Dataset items
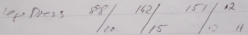 In the first set with 124 I could do 15 reps what is too much so I went straight to the 142. I could do 15 again but they felt very heavy. So I gave it another shot and only could do 12. Just to see what happens I increased again to 151 and only could do 8.
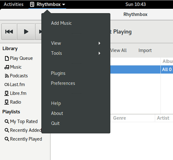 However, open Rhythmbox (the default music player in GNOME) and you’ll see there is only one menu—the Global menu—which contains all of the Rhythmbox menu options (Figure 6).
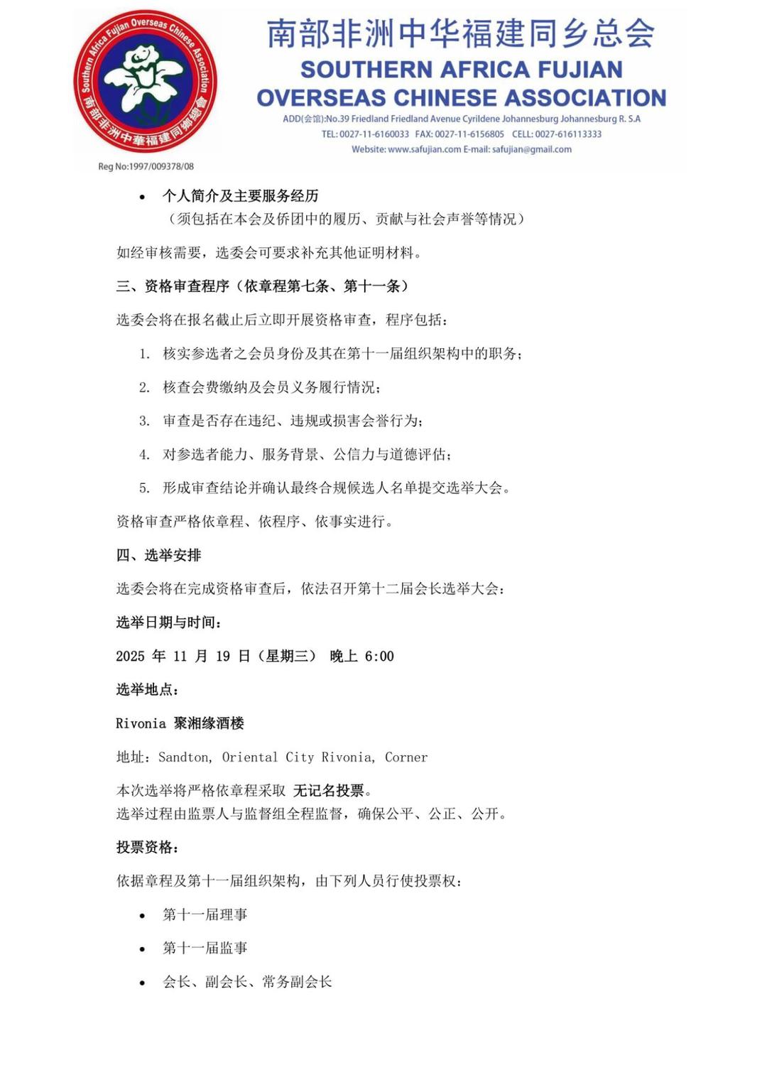 南部非洲中华福建同乡总会 -参选报名及选举安排的通告
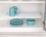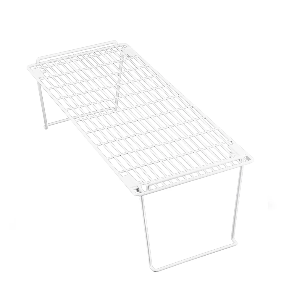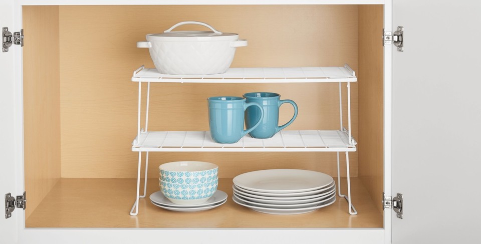 Kitchen organizer designed to hold a variety of kitchenware Features stacking ability Shelves stack to maximize storage space for cabinets and counters Accommodates plates, lids, cutting boards, pans and more Neutral white color Rust-resistant finish Measures 22" W x 10" D x 7" H
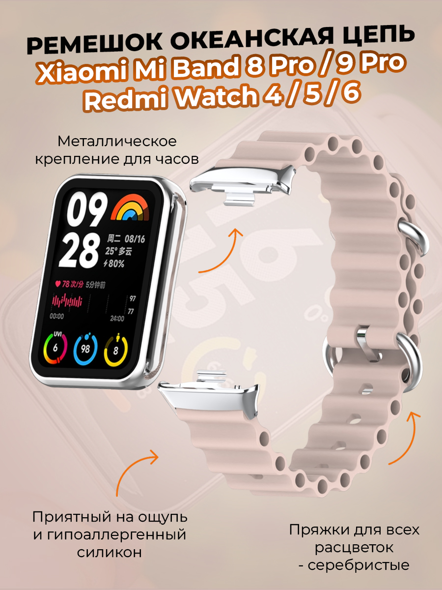 Ремешок океанская цепь для Xiaomi Mi Band 8 Pro/9 Pro и Redmi Watch 4/5/6, светло-розовый
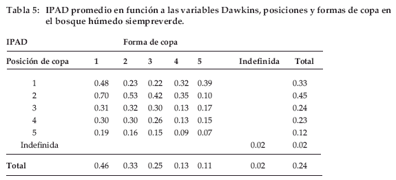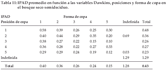 En función a las variables de Dawkins (posición y forma de copa), el mayor IPAD lo registran aquellos individuos de copa completa (1) y de posición dominante (1), seguidos por ambas interrelaciones de posición y forma de copa, mientras que los individuos de menor crecimiento son aquellos de copa suprimida (5) y poco follaje (5) (Tabla 11).
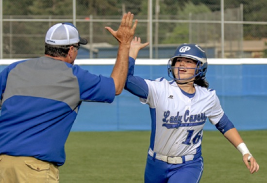 Photo by JOEL TAKARSH/for The Daily Courier, PIC #2804 GP #16 is 'Hi-Fived' by her coach as she rounds 3rd base after her homerun in the 6th inning.
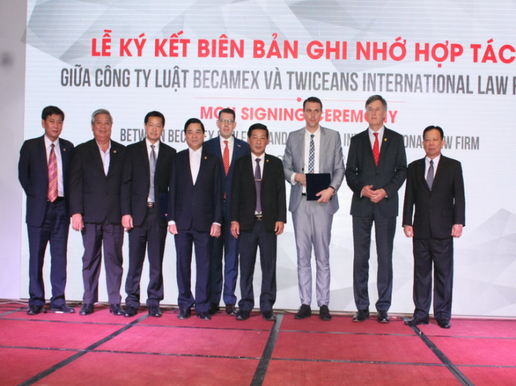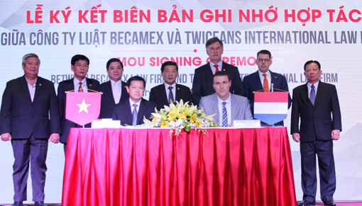 Chiều 9-3, tại Khách sạn Becamex thành phố mới Bình Dương đã diễn ra Lễ ký kết Biên bản ghi nhớ hợp tác giữa Công ty Luật B.C.M và Công ty Luật Quốc tế Twiceans (Hà Lan).
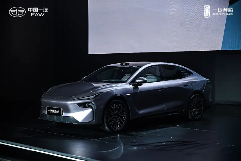 在本次战略焕新中,一汽奔腾全面拥抱智能化,将“奔腾悦意”新能源序列战略升级为独立的“一汽悦意”新能源品牌,旗下全新旗舰车型正式命名为“一汽悦意08”。一汽悦意08的尾标为“FAW”,下方的生产主体为“中国一汽”,是一汽悦意首款“FAW”尾标的车型。
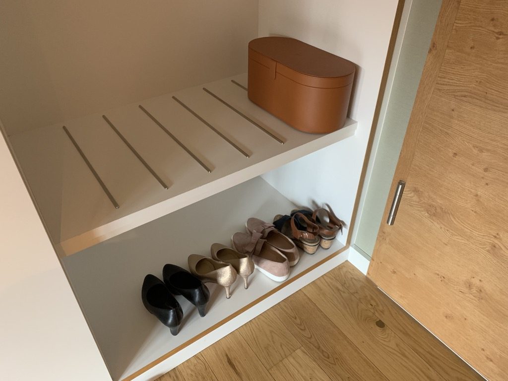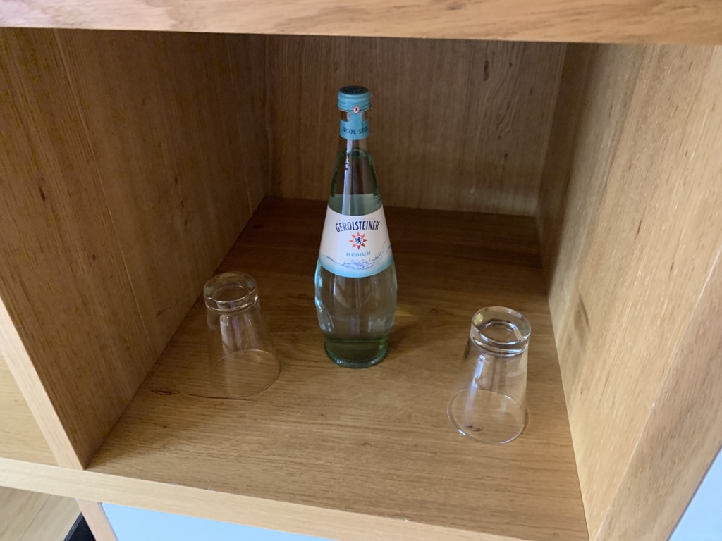 Gegenüber des Badezimmers befand sich der Schrank. Wo sich in anderen Hotels eine Kaffee- und Teestation befindet, stand hier eine große Flasche Mineralwasser. Keine schlechte Idee Ende August.
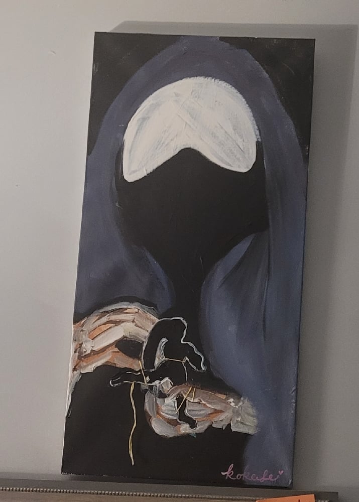 This piece represents an overwhelming darkness controlling you- be that mental disorders, life events, loss or death; and breaking free of the ties to the darkness.
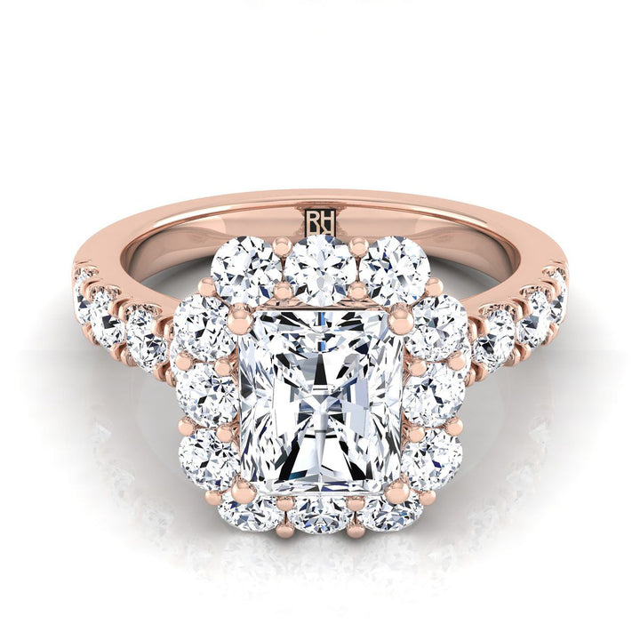 14K Rose Gold Radiant Cut Center Diamond Luxe Style French Pave Halo Engagement Ring -1-1/10ctw
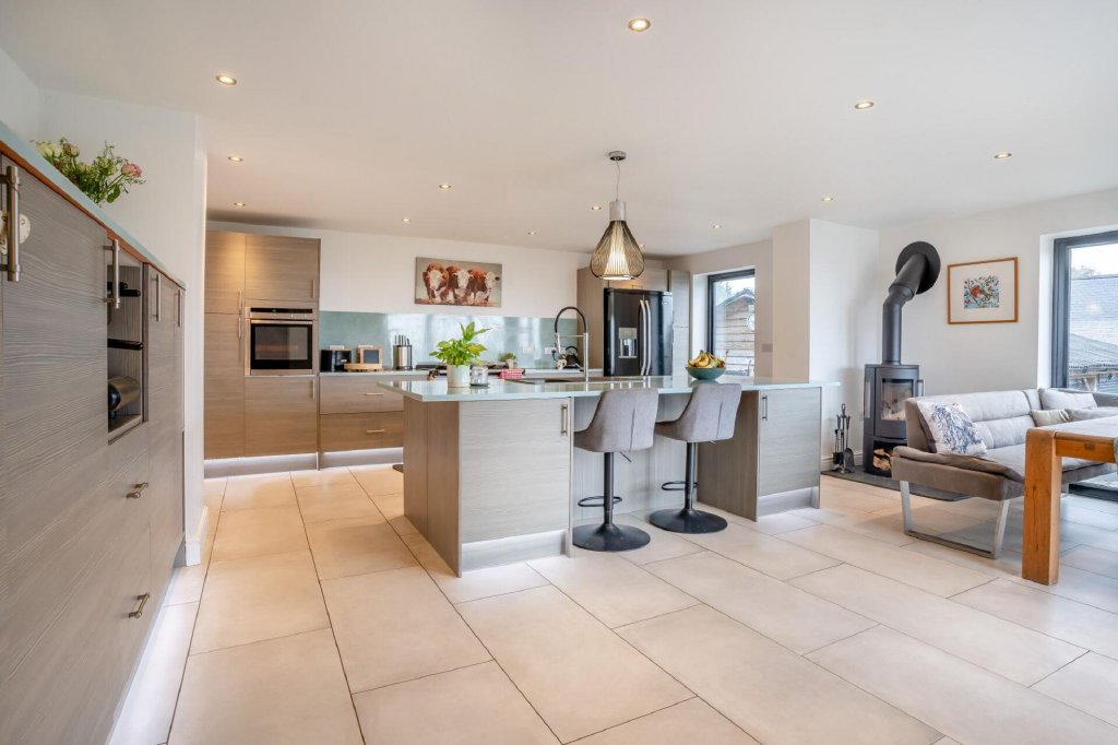 There is a breakfast bar and in front of the bifold doors there is a seating area, where a wood burning stove has been installed. A glazed door to one side of the kitchen leads straight to the gardens. The other side of the kitchen is a useful utility room, with modern fitted cupboards and space and plumbing for a washing machine and automatic dryer.
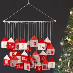 Kalendar sadrži 24 tekstilna džepića u obliku kućica (cca 10 × 15,5 cm), u koje lako možete sakriti mini darove, zadatke, poruke ili slatkiše. Čvrst filc drži oblik, ugodan je na dodir i kalendar možete koristiti iz godine u godinu.
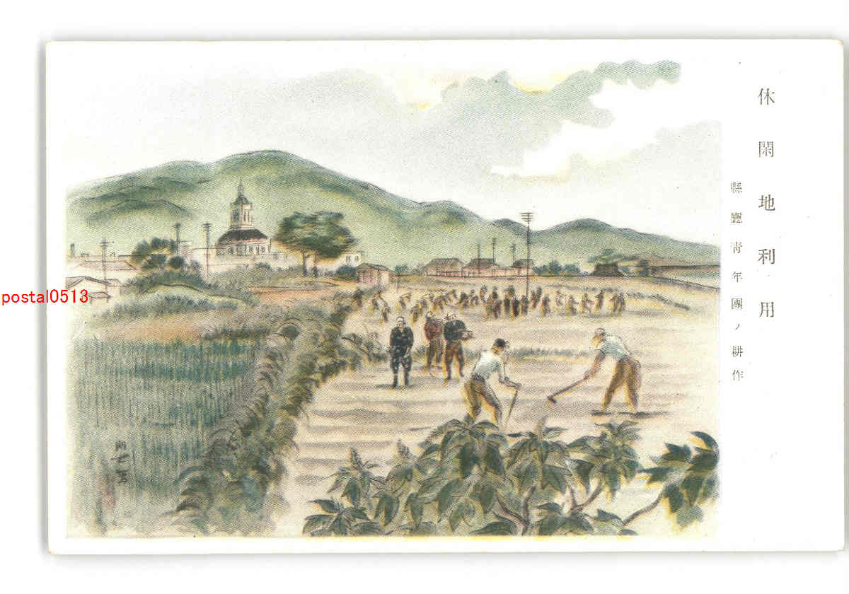 滋賀 休閑地利用 県庁青年団の耕作 アート絵葉書 *傷み有り

[Work request]
The records need to be restated word for word, minus any images.

[Expected output]
 In the first set with 124 I could do 15 reps what is too much so I went straight to the 142. I could do 15 again but they felt very heavy. So I gave it another shot and only could do 12. Just to see what happens I increased again to 151 and only could do 8.
 However, open Rhythmbox (the default music player in GNOME) and you’ll see there is only one menu—the Global menu—which contains all of the Rhythmbox menu options (Figure 6).
 南部非洲中华福建同乡总会 -参选报名及选举安排的通告
 Kitchen organizer designed to hold a variety of kitchenware Features stacking ability Shelves stack to maximize storage space for cabinets and counters Accommodates plates, lids, cutting boards, pans and more Neutral white color Rust-resistant finish Measures 22" W x 10" D x 7" H
 Ремешок океанская цепь для Xiaomi Mi Band 8 Pro/9 Pro и Redmi Watch 4/5/6, светло-розовый
 En función a las variables de Dawkins (posición y forma de copa), el mayor IPAD lo registran aquellos individuos de copa completa (1) y de posición dominante (1), seguidos por ambas interrelaciones de posición y forma de copa, mientras que los individuos de menor crecimiento son aquellos de copa suprimida (5) y poco follaje (5) (Tabla 11).
 Photo by JOEL TAKARSH/for The Daily Courier, PIC #2804 GP #16 is 'Hi-Fived' by her coach as she rounds 3rd base after her homerun in the 6th inning.
 Chiều 9-3, tại Khách sạn Becamex thành phố mới Bình Dương đã diễn ra Lễ ký kết Biên bản ghi nhớ hợp tác giữa Công ty Luật B.C.M và Công ty Luật Quốc tế Twiceans (Hà Lan).
 在本次战略焕新中,一汽奔腾全面拥抱智能化,将“奔腾悦意”新能源序列战略升级为独立的“一汽悦意”新能源品牌,旗下全新旗舰车型正式命名为“一汽悦意08”。一汽悦意08的尾标为“FAW”,下方的生产主体为“中国一汽”,是一汽悦意首款“FAW”尾标的车型。
 Gegenüber des Badezimmers befand sich der Schrank. Wo sich in anderen Hotels eine Kaffee- und Teestation befindet, stand hier eine große Flasche Mineralwasser. Keine schlechte Idee Ende August.
 This piece represents an overwhelming darkness controlling you- be that mental disorders, life events, loss or death; and breaking free of the ties to the darkness.
 14K Rose Gold Radiant Cut Center Diamond Luxe Style French Pave Halo Engagement Ring -1-1/10ctw
 There is a breakfast bar and in front of the bifold doors there is a seating area, where a wood burning stove has been installed. A glazed door to one side of the kitchen leads straight to the gardens. The other side of the kitchen is a useful utility room, with modern fitted cupboards and space and plumbing for a washing machine and automatic dryer.
 Kalendar sadrži 24 tekstilna džepića u obliku kućica (cca 10 × 15,5 cm), u koje lako možete sakriti mini darove, zadatke, poruke ili slatkiše. Čvrst filc drži oblik, ugodan je na dodir i kalendar možete koristiti iz godine u godinu.
 滋賀 休閑地利用 県庁青年団の耕作 アート絵葉書 *傷み有り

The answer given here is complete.